Year: Team; Games; Passing; Rushing
GP: GS; Record; Cmp; Att; Pct; Yds; Y/A; TD; Int; Rtg; Att; Yds; Avg; TD
2009: NO; 0; 0; –; DNP
2010: NO; 13; 0; –; 2; 3; 66.7; 16; 5.3; 0; 0; 79.9; 2; 16; 8.0; 0
2011: NO; 16; 0; –; 4; 5; 80.0; 29; 5.8; 0; 0; 90.8; 3; −3; −1.0; 0
2012: NO; 16; 0; –; 1; 1; 100.0; 10; 10.0; 0; 0; 108.3; 3; 17; 5.7; 0
2013: KC; 5; 1; 0–1; 25; 38; 65.8; 248; 6.5; 1; 1; 81.9; 14; 52; 3.7; 0
2014: KC; 3; 1; 1–0; 16; 28; 57.1; 157; 5.6; 0; 0; 73.1; 4; 15; 3.8; 0
2015: KC; 2; 0; –; 2; 2; 100.0; 4; 2.0; 0; 0; 79.2; 2; −2; −1.0; 0
2016: PHI; 1; 0; –; 1; 1; 100.0; 16; 16.0; 0; 0; 118.8; 0; 0; 0.0; 0
2017: NO; 1; 0; –; 0; 0; 0.0; 0; 0.0; 0; 0; 0.0; 3; −2; −0.7; 0
2018: CHI; 5; 2; 1–1; 53; 76; 69.7; 515; 6.8; 3; 2; 90.6; 13; 3; 0.2; 0
2019: CHI; 3; 1; 0–1; 45; 64; 70.3; 435; 6.8; 3; 2; 91.6; 6; 6; 1.0; 0
2020: DET; 4; 0; –; 29; 43; 67.4; 264; 6.1; 1; 2; 72.2; 2; 16; 8.0; 0
2021: LAC; 1; 0; –; 0; 0; 0.0; 0; 0.0; 0; 0; 0.0; 2; −2; −1.0; 0
2022: LAC; 4; 0; –; 8; 12; 66.7; 52; 4.3; 1; 0; 103.5; 1; 4; 4.0; 0
Career: 74; 5; 2–3; 186; 273; 68.1; 1,746; 6.4; 9; 7; 85.8; 55; 120; 2.2; 0

===College===

Season: Team; Games; Passing; Rushing
GP: GS; Record; Cmp; Att; Pct; Yds; Avg; TD; Int; Rate; Att; Yds; Avg; TD
2005: Missouri; 10; 0; —; 38; 66; 57.6; 347; 5.3; 1; 2; 100.7; 39; 57; 1.5; 1
2006: Missouri; 13; 13; 8–5; 287; 452; 63.5; 3,527; 7.8; 28; 10; 145.1; 147; 379; 2.6; 4
2007: Missouri; 14; 14; 12–2; 384; 563; 68.2; 4,306; 7.6; 33; 11; 147.9; 109; 253; 2.3; 4
2008: Missouri; 14; 14; 10–4; 385; 528; 72.9; 4,335; 8.2; 39; 18; 159.4; 69; 281; 4.1; 1
Career: 51; 41; 30–11; 1,094; 1,609; 68.0; 12,515; 7.8; 101; 41; 148.9; 364; 970; 2.7; 10

==Awards and honors==
NFL
- Super Bowl champion (XLIV)

College
- Heisman Trophy candidate (2007)
- 2006 First-team Academic All-Big 12
- 2006 ESPN The Magazine First-team Academic All-District
- 2006 Big 12 Offensive Player of the Week (Sep 4 and Nov. 27)
- 2006 AP Honorable Mention All-Big 12
- 2006 Second-team All-Big 12
- 2007–08 Big 12 Male Athlete of the Year
- 2007 Big 12 Offensive Player of the Week (Oct 8, Nov 5, and Nov. 26)
- 2007 First-team Academic All-Big 12
- 2007 CoSIDA/ESPN The Magazine Academic All-District First-team
- 2007 First Team All-Big 12 (AP, Coaches)
- 2007 Big 12 Offensive Player of the Year (AP, Coaches)
- 2007 All-America Honorable Mention (Sports Illustrated)
- 2007 All-America Second-team (AP, Walter Camp, Sporting News)
- 2007 Maxwell Award semifinalist
- 2007 finalist for Manning Award, Walter Camp Award, Davey O'Brien Award
- 2007 Heisman Trophy finalist – finished 4th
- 2008 Preseason Big 12 Offensive Player of the Year
- 2008 Draddy Trophy runner-up

==Broadcasting==
In 2023, after retiring from the NFL, Daniel began co-hosting a show on NFL Network.
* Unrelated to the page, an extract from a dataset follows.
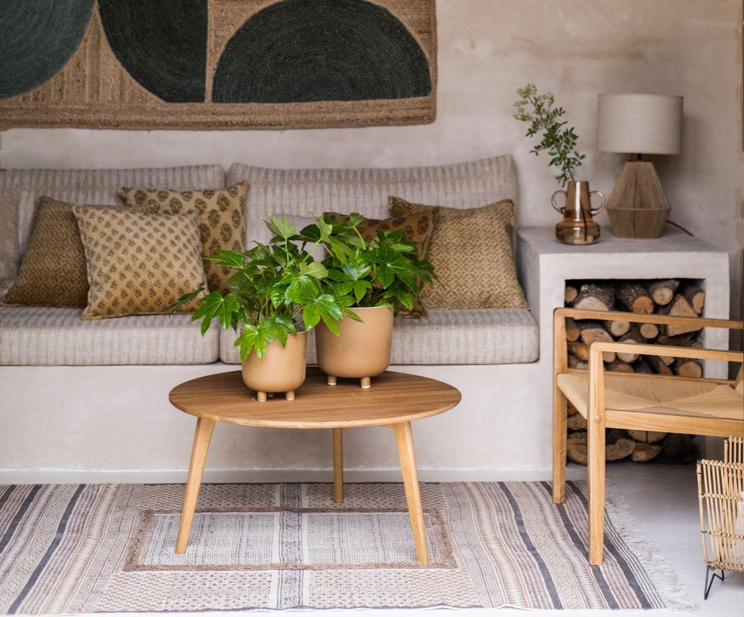 - Flecos en los laterales: detalle artesanal que realza el acabado y el estilo decorativo global.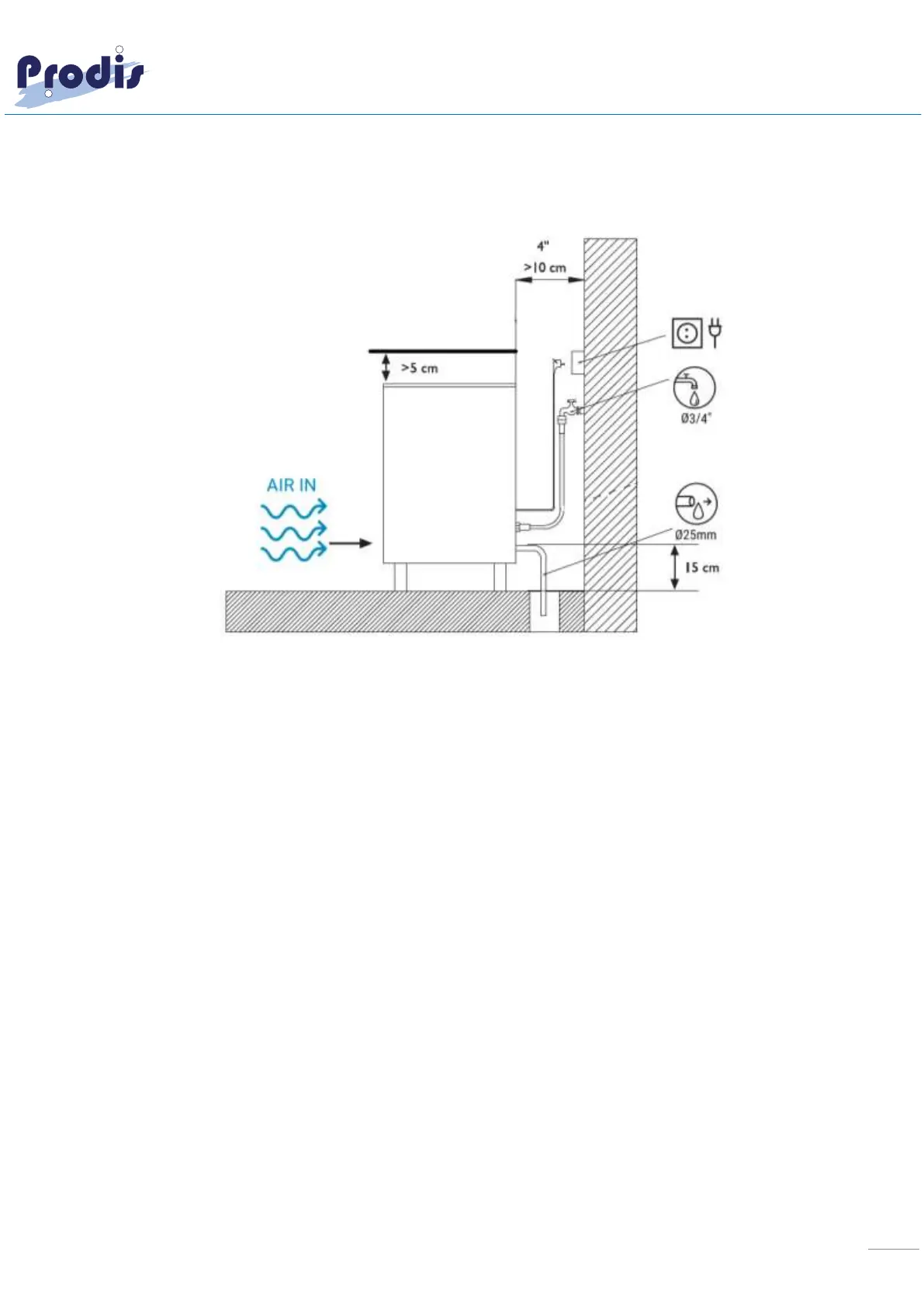 It is convenient that the drain hose is 30mm inside diameter and with a minimum gradient of 3cm/metre,

In 2024, Daniel co-hosted a show on Fox Sports 1, and in 2025 Daniel became an analyst for ESPN, covering college football and the NFL.

==Personal life==
Chase is the son of Bill and Vickie Daniel. He married his longtime girlfriend, Hillary Mullin, in 2014. They have three children together.

Daniel is a Christian. When he was with the Eagles, Daniel hosted a weekly Bible study for couples.

On March 5, 2011, Daniel announced that he was establishing and endowing an athletic scholarship for Missouri football recruits from Texas.